The organization has also been spotted in areas where it had not been witnessed for many years. Levin, who has studied the group for 30 years, was surprised to hear last month that the KKK was planning a rally in California – a state where the white robes and hoods have not been seen in a long time.

But even though the group’s activities are on the rise, the number of KKK members at the actual rally was less than the number of protesters demonstrating against them. When they appeared, the Klansmen were attacked by Latino and black activists, and Levin himself was forced to protect one of the extremists. “You know you’ve fallen on hard times when you need a Jewish man as your wingman,” Levin laughs.
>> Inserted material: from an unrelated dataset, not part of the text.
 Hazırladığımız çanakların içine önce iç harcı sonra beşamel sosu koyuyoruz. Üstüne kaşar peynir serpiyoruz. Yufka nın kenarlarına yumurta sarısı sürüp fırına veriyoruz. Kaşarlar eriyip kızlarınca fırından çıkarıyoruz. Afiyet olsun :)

He says that although the support for a leading mainstream presidential candidate by groups such as the KKK has historic importance and mustn’t be ignored, the immediate danger actually comes from other, more powerful organizations. In California, for example, the real danger comes from white supremacists, neo-Nazis and others who are unaffiliated but with similar beliefs, Levin explains.
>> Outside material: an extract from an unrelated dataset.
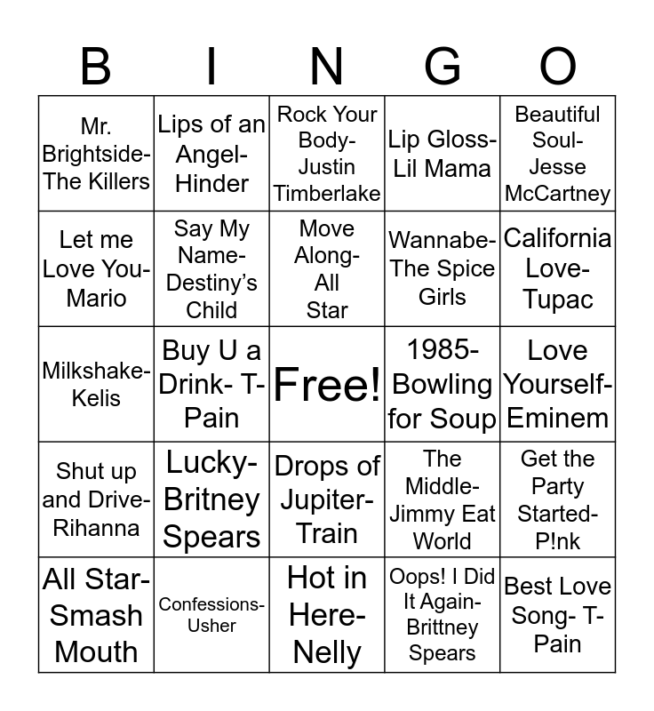 This bingo card has a free space and 25 words: Lucky- Britney Spears, Hot in Here- Nelly, Move Along- All Star, All Star- Smash Mouth, Beautiful Soul- Jesse McCartney, Mr. Brightside- The Killers, Let me Love You- Mario, Lips of an Angel- Hinder, 1985- Bowling for Soup, Drops of Jupiter- Train, Wannabe- The Spice Girls, Milkshake- Kelis, The Middle- Jimmy Eat World, Get the Party Started- P!nk, Say My Name- Destiny’s Child, Work it- Missy Elliot, Love Yourself- Eminem, Rock Your Body- Justin Timberlake, California Love- Tupac, Buy U a Drink- T-Pain, Best Love Song- T-Pain, Confessions- Usher, Shut up and Drive- Rihanna, Lip Gloss- Lil Mama and Oops! I Did It Again- Brittney Spears.

“I want to put this in perspective: there are more rotary dial phones in the United States than Klan members. We have much more danger from unaffiliated haters, skinheads, and neo-Nazi and white supremacist criminal syndicates” says Levin, noting that these groups are smart enough not to have rallies.
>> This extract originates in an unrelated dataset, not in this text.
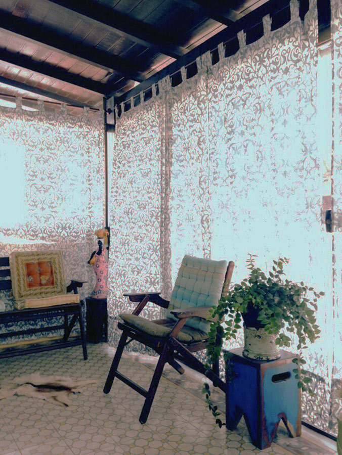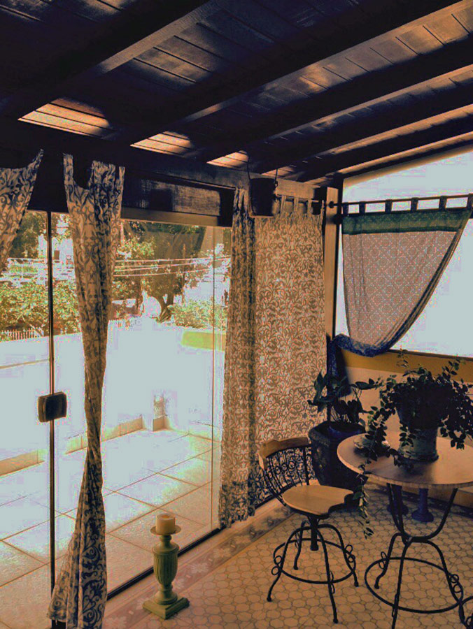 Em todos os vão foram utilizadas esquadrias em blindex e cortinas decorativas de Bali.

At a time when the KKK and its support for Trump is attracting headlines, it is important also to examine the Republican candidate’s influence on other hate groups in the United States – those who don’t shield their delight that the New York billionaire has made statements against minorities part of the mainstream political discourse.

The Daily Stormer, the leading neo-Nazi website in America, has been calling Trump the “Glorious Leader” for weeks. And members of other racist groups have also begun appearing at Trump campaign rallies. James Edwards, whose far-right Political Cesspool radio program hosts such groups as skinheads, neo-Nazis and Holocaust deniers, broadcast live from various Trump events in Memphis, Tennessee (which is also Edwards’ hometown).

“There is not a candidate today that has more unambiguous support from white nationalists and neo-Nazis than Donald Trump: Klan folks, white nationalists, neo-Nazis, the Daily Stormers,” warns Levin. “When you have prominent ‘White power!’ chants at your rallies, or white supremacists showing up at your rallies and manhandling people, that’s something. I’m not saying Trump is a white supremacist; I’m saying he is transmitting a message that appeals to them.”

Experts are concerned that Trump’s primary victories may encourage aggressive behaviour from these groups, or individual supporters, who may decide to take the law into their own hands and deal with the “rapists, animals and terrorists” that Trump refers to in his speeches. But it’s hard to prove a direct link between hate crimes and the Trump campaign, particularly because of a lack of reporting, says Levin.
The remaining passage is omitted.